Inclusive education is a pedagogical approach that seeks to address potential barriers to the effective engagement of students in the learning process by providing them with the appropriate resources and practices to ensure their effective and flexible participation (Collins et al., 2019; Moriña, 2022). Initially, the concept of inclusion focused mainly on learners with disabilities and/or learning difficulties. It was then expanded to include all learners who experience the risk of marginalisation or exclusion due to race, ethnicity, religion, language, socio-economic status, gender, sexual orientation, etc. However, this prevailing perception that inclusive education focuses on and seeks to mitigate ‘individual differences’ prevents the creation of appropriate teaching and learning conditions that are not determined by labels and categorisations but are relevant to all learners regardless of their background (inclusion for all) (Collins et al, 2019; Moriña, 2022; Redpath et al. 2013). Moreover, it is important to note that learners from traditionally underrepresented groups do not face different challenges from those of the wider community of learners. In fact, they face these challenges with a greater intensity.

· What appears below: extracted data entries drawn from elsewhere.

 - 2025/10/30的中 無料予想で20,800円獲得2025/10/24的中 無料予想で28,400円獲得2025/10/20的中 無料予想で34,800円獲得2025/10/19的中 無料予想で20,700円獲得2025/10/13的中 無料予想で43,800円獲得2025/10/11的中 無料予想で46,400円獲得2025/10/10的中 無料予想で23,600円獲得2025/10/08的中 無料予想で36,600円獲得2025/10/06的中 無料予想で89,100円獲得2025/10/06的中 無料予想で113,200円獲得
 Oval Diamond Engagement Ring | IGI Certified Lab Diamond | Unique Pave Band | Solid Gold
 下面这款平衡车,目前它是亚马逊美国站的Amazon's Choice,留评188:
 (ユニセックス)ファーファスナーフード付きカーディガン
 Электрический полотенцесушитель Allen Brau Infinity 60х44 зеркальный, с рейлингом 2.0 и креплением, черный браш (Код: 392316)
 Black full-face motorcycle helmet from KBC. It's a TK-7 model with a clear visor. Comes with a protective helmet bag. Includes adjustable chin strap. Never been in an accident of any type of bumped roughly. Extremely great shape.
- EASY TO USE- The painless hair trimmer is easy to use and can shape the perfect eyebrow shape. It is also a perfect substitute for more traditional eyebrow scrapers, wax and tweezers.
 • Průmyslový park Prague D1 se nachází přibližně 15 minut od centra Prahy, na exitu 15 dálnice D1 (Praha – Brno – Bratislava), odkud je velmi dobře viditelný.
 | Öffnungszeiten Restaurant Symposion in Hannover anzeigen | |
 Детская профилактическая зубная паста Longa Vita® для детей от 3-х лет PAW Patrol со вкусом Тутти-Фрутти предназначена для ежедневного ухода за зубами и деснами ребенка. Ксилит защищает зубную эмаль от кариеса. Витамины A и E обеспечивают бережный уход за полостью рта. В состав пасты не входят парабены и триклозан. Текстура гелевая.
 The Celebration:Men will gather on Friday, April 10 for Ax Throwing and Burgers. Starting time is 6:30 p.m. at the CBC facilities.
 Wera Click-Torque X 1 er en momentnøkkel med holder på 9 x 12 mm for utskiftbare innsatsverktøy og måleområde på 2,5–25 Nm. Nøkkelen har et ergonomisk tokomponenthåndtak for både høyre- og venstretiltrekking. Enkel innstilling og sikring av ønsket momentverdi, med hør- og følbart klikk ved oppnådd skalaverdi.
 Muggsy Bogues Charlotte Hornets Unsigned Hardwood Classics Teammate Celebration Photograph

The teaching practice of flexible grouping is one of the basic practices of inclusion, which is based on the principles of differentiated teaching and cooperative learning. According to Roos (2019), the need for differentiation in teaching arose from the need to include all students in the learning process. Through differentiated teaching, i.e. an organised but flexible way of adapting teaching, and therefore learning (based on the individual “profile” of the students@ of each course), academics can help students achieve the maximum possible learning outcome (Tomlinson, 2001). It is therefore an organised teaching approach in which the lecturer/ tutor /instructor takes into account the level of each student in order to achieve the best possible learning outcomes.